Published online Jan 7, 2018. doi: 10.3748/wjg.v24.i1.124
Peer-review started: November 3, 2017
First decision: November 21, 2017
Revised: December 12, 2017
Accepted: December 19, 2017
Article in press: December 19, 2017
Published online: January 7, 2018
Screening has shown to decrease colorectal cancer (CRC) incidence and mortality. Different screening guidelines for average-risk individuals have been issued worldwide, and several guidelines were published or updated recently. To our knowledge, this is the first systematic review aiming to summarize and compare worldwide CRC screening recommendations.
CRC screening recommendations for average-risk individuals differ greatly from one guideline to another, especially when it comes to choosing a preferred screening test. We aimed to compare those recommendations in order to highlight areas of uncertainty, and therefore orient future research by underlining areas where evidence is still lacking.
The main objectives were to compare screening recommendations in order to highlight common ground between guidelines, but also point out discrepancies caused by lack of high-quality evidence, making it easier to orient future research. Knowing which recommendations should clearly be perpetuated and which ones need further investigation can be helpful when it comes to updating guidelines or publishing new ones.
A systematic review of the literature was completed to identify all CRC screening guidelines for average-risk individuals published in English in the last ten years and/or position statements published in the last two years. Articles describing an established screening program without issuing recommendations, or articles only reviewing existing guidelines were excluded. Guidelines providing combined recommendations for average-risk and moderate/high-risk individuals, addressing only screening for moderate/high-risk individuals or older versions of existing guidelines were also excluded.

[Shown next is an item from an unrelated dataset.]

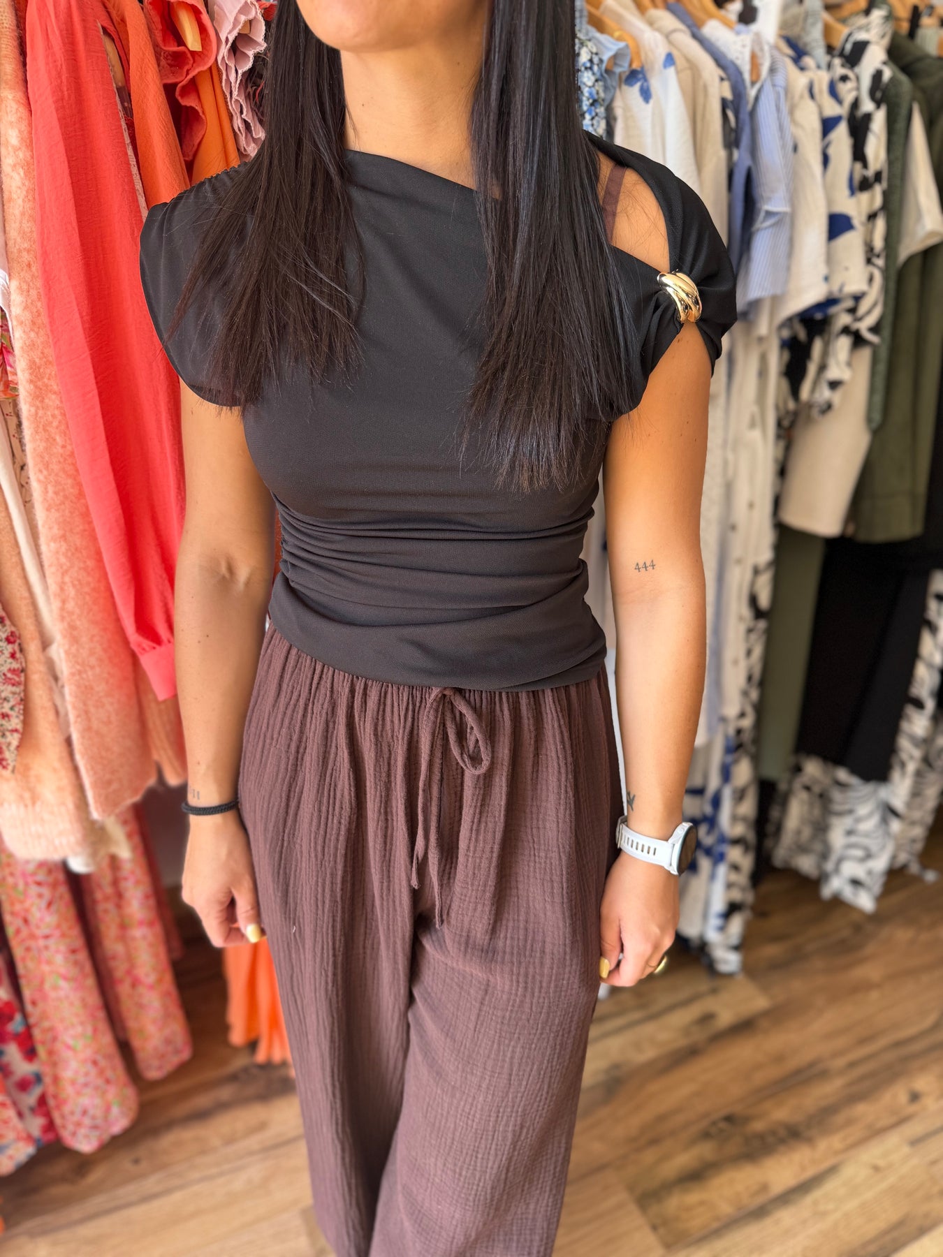• Tee-shirt noir asymétrique avec détail anneau doré à l’épaule

Fifteen guidelines were included, six of which were published in North America, four in Europe, four in Asia and one by the World Gastroenterology Organization (WGO). A majority of guidelines recommend screening average-risk individuals between ages 50 and 75. Preferred screening methods include colonoscopy (every 10 years), flexible sigmoidoscopy (FS - every 5 years), guaiac-based fecal occult blood test (gFOBT) or fecal immunochemical test (FIT), both repeated annually or biennially. FIT is often recommended over gFOBT, and combining FS with a stool based test is an option that should be considered. The role of colonoscopy varies greatly from one guideline to another, as some identify it as the screening gold standard whilst others highlight the lack of high-quality evidence supporting its use. Screening intervals as well as rank order between tests are also areas of uncertainty.
Average-risk individuals should undergo CRC screening between ages 50 and 75. Colonoscopy, FS, gFOBT and FIT are recognized as cost-efficient and currently recommended in a majority of guidelines, however their respective role and rank are not clearly established. Local resources availability and patient preferences should be considered when implementing a screening program, in order to maximize screening uptake, as any screening is better than none.
Establishing a clear ranking of screening methods rather than simply offering a menu of options could be useful in clinical practice. Future research should aim to provide high-quality evidence demonstrating screening tests efficiency, especially colonoscopy, in order to facilitate comparison between tests and help establishing such ranking. Screening intervals should be further investigated.